*YOUR TASK*:
The reply should hold only the lines below beginning at the one with "昨年度はあまりに句を覚えてお" and ending at the one with "Hollywood prepared for", copied exactly, with every picture left out.

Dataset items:

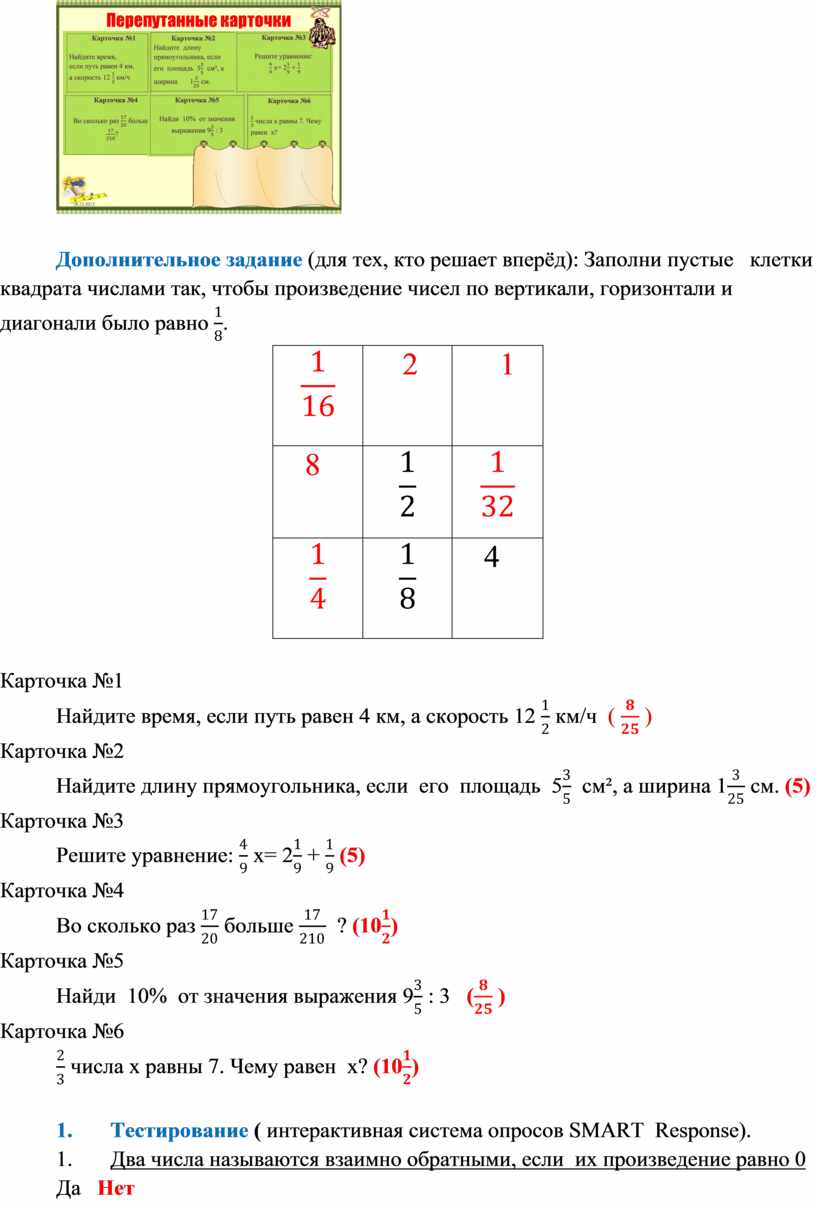 Ребята, ученик 6 «А» класса, Шафоростов Виталик очень готовился, чтобы продемонстрировать свои знания по теме. Но с ним произошло недоразумение. Он придумал карточки с одинаковыми ответами, положил их себе в портфель, а они перепутались, и он забыл, на каких из них написаны равные результаты. Ребята, помогите найти Виталику карточки с результатами, которые равны.
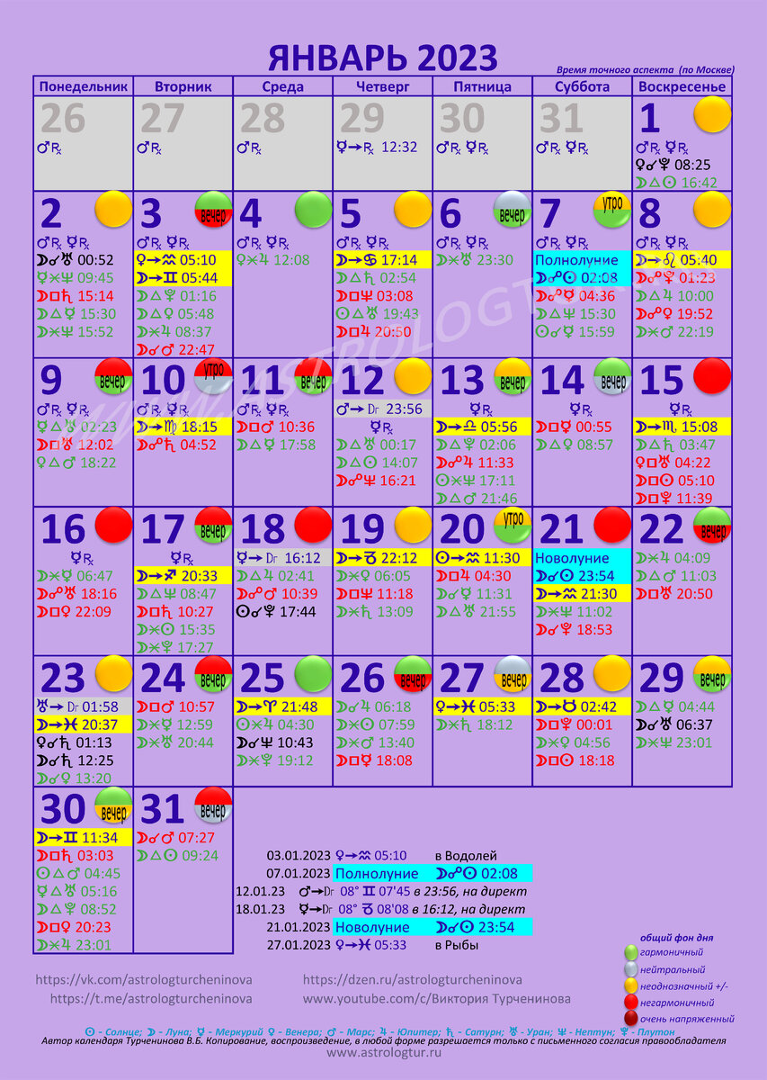 И вот он настал - Новый Год! Поздравляю Вас с Наступившим 2023 годом! А чтобы моим подписчикам было легче сориентироваться и успеть заранее продумать свои первые шаги в Новом году, я, в качестве новогоднего подарка, публикую мой астрологический календарь сразу на месяц 💥🎉🥳 В астрологическом календаре все просто — каждый день недели помечен определенным цветом, который показывает общий фон этого дня (благоприятный, напряженный и т.д.), что очень удобно при планировании дел! (Время по Москве). Для тех, кто хочет приобрести электронный астрологический календарь на каждый день 2023 года ссылка на календарь
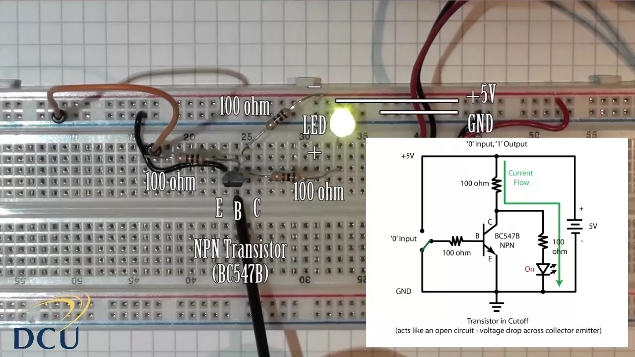 This video demonstrates the use of a single transistor to implement a NOT gate (inverter). This is one of the first circuits in the EE223 Introduction to Digital and Analogue electronics module at Dublin City University. The associated materials are at: http://www.eeng.dcu.ie/~molloyd/EE223/
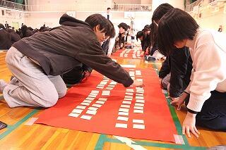 昨年度はあまりに句を覚えておらず試合にならなかったことを踏まえ、委員の人たちが2年生の廊下や教室、下足室にもあちこち貼って、みんなで覚えよう!と呼びかけてくれました。
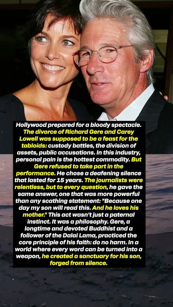 Hollywood prepared for a bloody spectacle. The divorce of Richard Gere and Carey Lowell was supposed to be a feast for the tabloids: custody battles, the division of assets, public accusations. In this industry, personal pain is the hottest commodity. But Gere refused to take part in the performance. He chose a deafening silence that lasted for 15 years. The journalists were relentless, but to every question, he gave the same answer, one that was more powerful than any scathing statement: “Because one day my son will read this. And he loves his mother.” This act wasn’t just a paternal instinct. It was a philosophy. Gere, a longtime and devoted Buddhist and a follower of the Dalai Lama, practiced the core principle of his faith: do no harm. In a world where every word can be turned into a weapon, he created a sanctuary for his son, forged from silence.
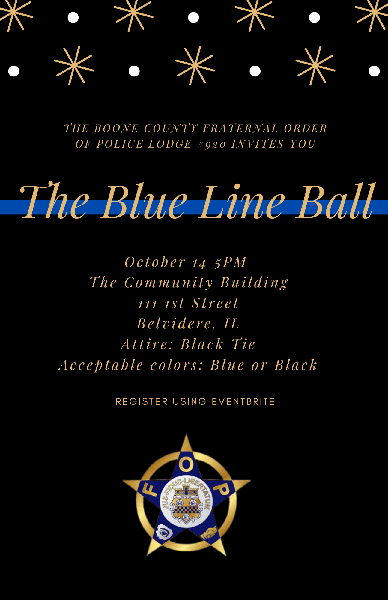 We cordially invite you to join us for a truly remarkable occasion—the 1st Annual Blue Line Ball sponsored by the esteemed Boone County Fraternal Order of Police Lodge #920 on October 14, 2023. We are humbled by the unwavering support our community demonstrates for the police department, and now, we extend a heartfelt request for your presence to celebrate the exceptional work carried out by our first responders. This prestigious fundraising event aims to bolster the Belvidere Police Department's Feed the Need Campaign, as well as provide vital resources to other community providers who generously contribute to our police force. Together, we can make a tangible difference in the lives of those we serve, fostering a safer and more prosperous community for all. In the spirit of solidarity, we kindly ask that you dress in blue and black attire, symbolizing the unity between law enforcement and the community. Let us come together, showcasing our collective support and admiration for the selfless individuals who dedicate their lives to protecting and serving. Your attendance at this memorable gathering is paramount to its success. We eagerly anticipate your presence, as your participation will undoubtedly contribute to the vibrancy and impact of the event. To secure your place and share in this unforgettable evening, please register below. Should you have any inquiries regarding the event, please do not hesitate to reach out to Ofc. Michelle Schwartz at schwartz@belviderepoliceil.gov. We are more than happy to provide any additional information you may require. Thank you for your continued support, and we eagerly await the privilege of seeing you at the 1st Annual Blue Line Ball. Let us unite as a community, honoring our local heroes and fostering a future filled with safety, harmony, and compassion. Register now and join us in this momentous occasion! https://www.eventbrite.com/e/blue-line-ball-tickets-657015409777?aff=oddtdtcreator

*RESPONSE TO THIS EXERCISE*:
 昨年度はあまりに句を覚えておらず試合にならなかったことを踏まえ、委員の人たちが2年生の廊下や教室、下足室にもあちこち貼って、みんなで覚えよう!と呼びかけてくれました。
 Hollywood prepared for a bloody spectacle. The divorce of Richard Gere and Carey Lowell was supposed to be a feast for the tabloids: custody battles, the division of assets, public accusations. In this industry, personal pain is the hottest commodity. But Gere refused to take part in the performance. He chose a deafening silence that lasted for 15 years. The journalists were relentless, but to every question, he gave the same answer, one that was more powerful than any scathing statement: “Because one day my son will read this. And he loves his mother.” This act wasn’t just a paternal instinct. It was a philosophy. Gere, a longtime and devoted Buddhist and a follower of the Dalai Lama, practiced the core principle of his faith: do no harm. In a world where every word can be turned into a weapon, he created a sanctuary for his son, forged from silence.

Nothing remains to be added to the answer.